Investigators with the Maricopa County Sheriff's Office determined that two brothers who drowned at Lake Pleasant on Sunday intentionally bypassed electrical safety features and improperly modified the electrical connection system, officials said.
MCSO officials said Michael Miller, 50, and 53-year-old Timothy Miller drowned in the lake after Michael jumped into the water to save his brother while he was being electrocuted in the water.
Officials shut down electricity to the dock A at Scorpion Bay Marina following the incident, allowing for Lake Patrol detectives and divers to safely recover the bodies and inspect the source of electricity, MCSO spokeswoman Norma Gutierrez said in a statement.
MCSO attempted to identify the source of the electricity on Monday alongside the Peoria electrical inspector and an electrician specializing in marina construction, Gutierrez said.
They first determined the electrical infrastructure at Scorpion Bay Marina’s was safe and operating correctly. Investigators then conducted a series of tests that Gutierrez said "ultimately recreated the circumstances which placed electrical voltage into the water."
They found that the victims' boat had an electrical system that was "not compatible with the marina’s receptacle," Gutierrez said.

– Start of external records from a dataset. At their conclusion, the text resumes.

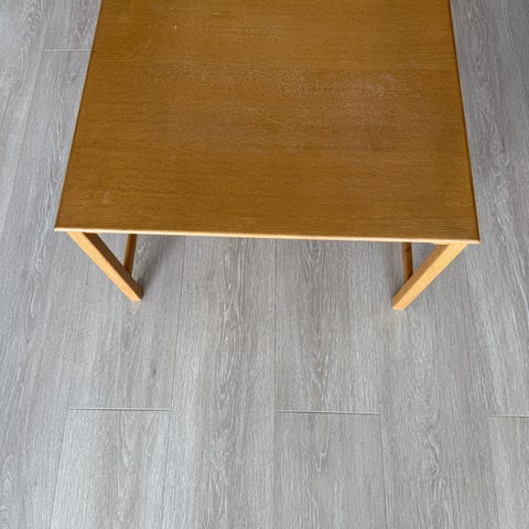 Møbel som kan brukes til benk eller bord. Puten kan fjernes. Tyngden tilsier at det er heltre.
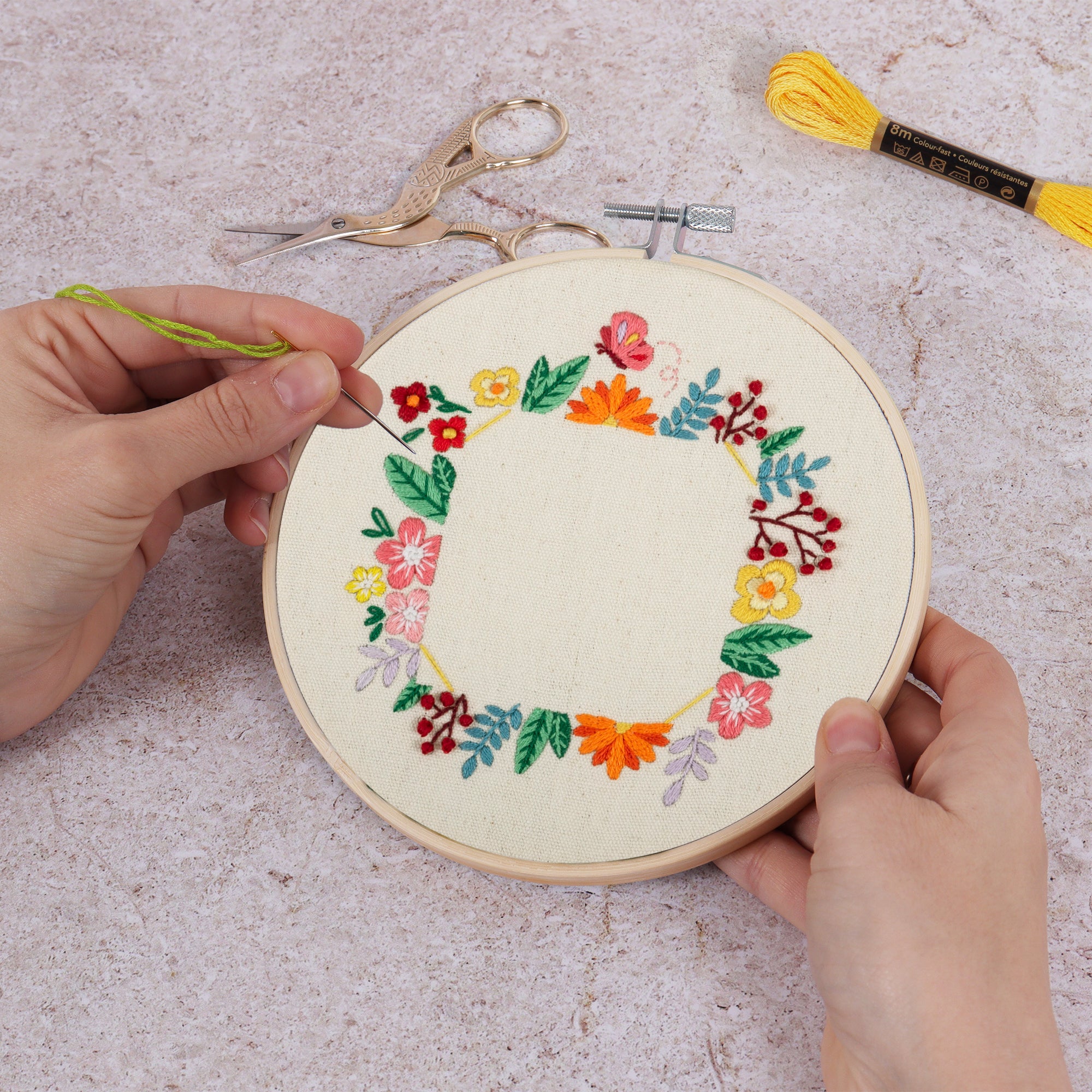 ערכת רקמה עם חישוק – מסגרת פרחונית לתמונה
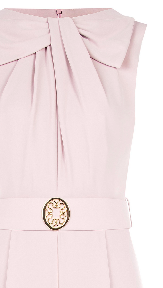 Dieser elegante Overall besticht durch eine raffinierte Masche am Dekolleté, die dem Outfit eine feminine Note verleiht. Das weite Bein sorgt für einen fließenden, komfortablen Sitz und unterstreicht die stilvolle Silhouette. Ideal für besondere Anlässe, verbindet dieses Modell Komfort mit zeitloser Eleganz.
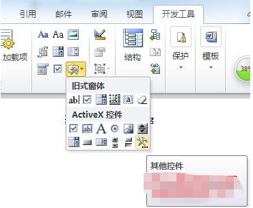 回到"开始",会发现上方功能栏多了一项"开发工具"—选择"旧时窗体"—其他控件
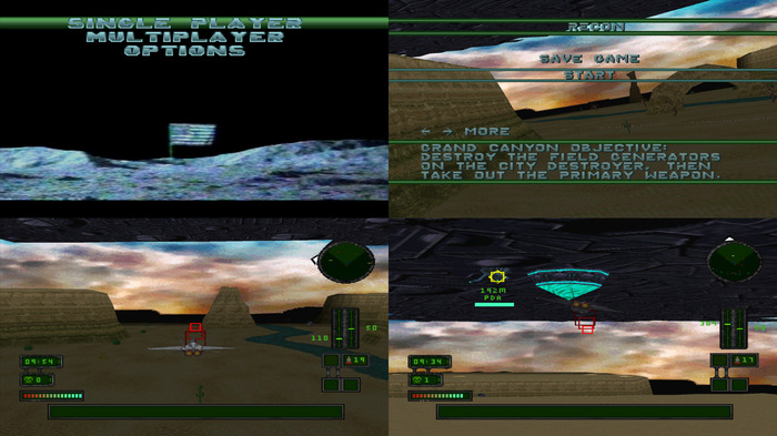 Мне кажется, что в этот выпуск я вместил слишком много хороших игр. Непорядок. Чтобы восстановить справедливость, поговорим об очередной дребедени, о той леталке-мозговзрывалке, от которой просто кровь стынет в жилах. Настолько игра, извиняюсь за выражение, хренова. И, как многие могут знать, эта action-flight сделана по одноимённому фильму, который у нас перевели как "День независимости". Относительно кинца я не буду многословен: это достаточно трешёвая подделка от компании "20-ый век Фокс", который был снят как большой аттракцион. Там всё было без смысла: сборище НЛО решило захватить мир, президент США и военные хотят остановить мировое зло и бла-бла-бла-бла. Короче, это пустой блокбастер с большими спецэффектами на тот момент, что вы ещё хотели здесь увидеть? Я его давно не смотрел, и навряд ли когда-нибудь пересмотрю, но чисто ради забавы, наверное, стоит оно повторного просмотра. Так как всё равно в фильме, семейном, даже без попкорна можно поприкалываться над его клише, штампами и сюжетными поворотами, так сказать.
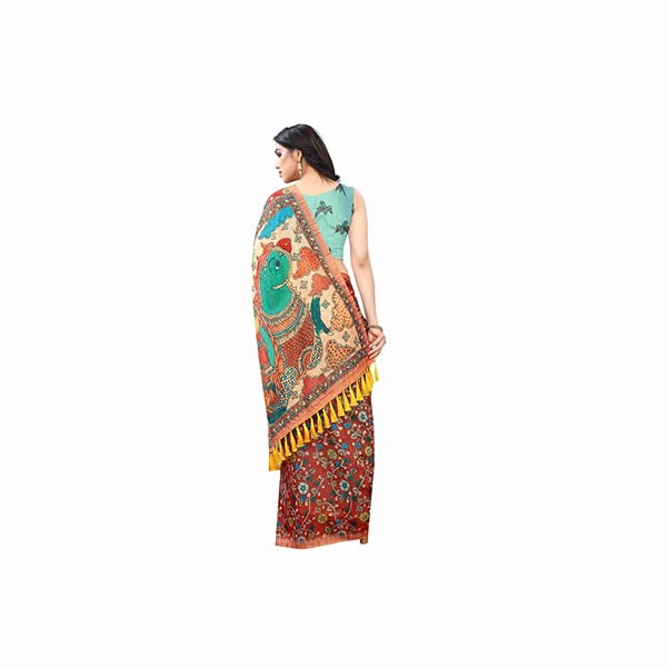 The elaborate work of tassel with kalamkari work gives a very elegant look to this saree. It jazzes up the appearance of all the special events and parties.

"Electrical safety features were bypassed by the intentional and improper modification of the boat’s electrical connection system," Gutierrez said. "This resulted in electricity being discharged into the water around the swim platform, which is where the victims entered the water."
She noted the deaths remained under investigation on Wednesday.

Scorpion Bay Marina’s electrical system is operating safely, according to MCSO. Gutierrez urged the public to consider the following safety precautions:
  • Don't use your own 120-volt AC electrical work on a boat.
  • Don't hire an electrician who is not familiar with American Boat and Yacht Council standards.
  • Don't use common household extension cords for providing shore power to your boat.
  • Use and encourage other boaters to use shore power cords built to UL standards.
  • Have your boat tested once a year to see if it is leaking electricity.
  • Avoid swimming within 100 yards of any freshwater marina.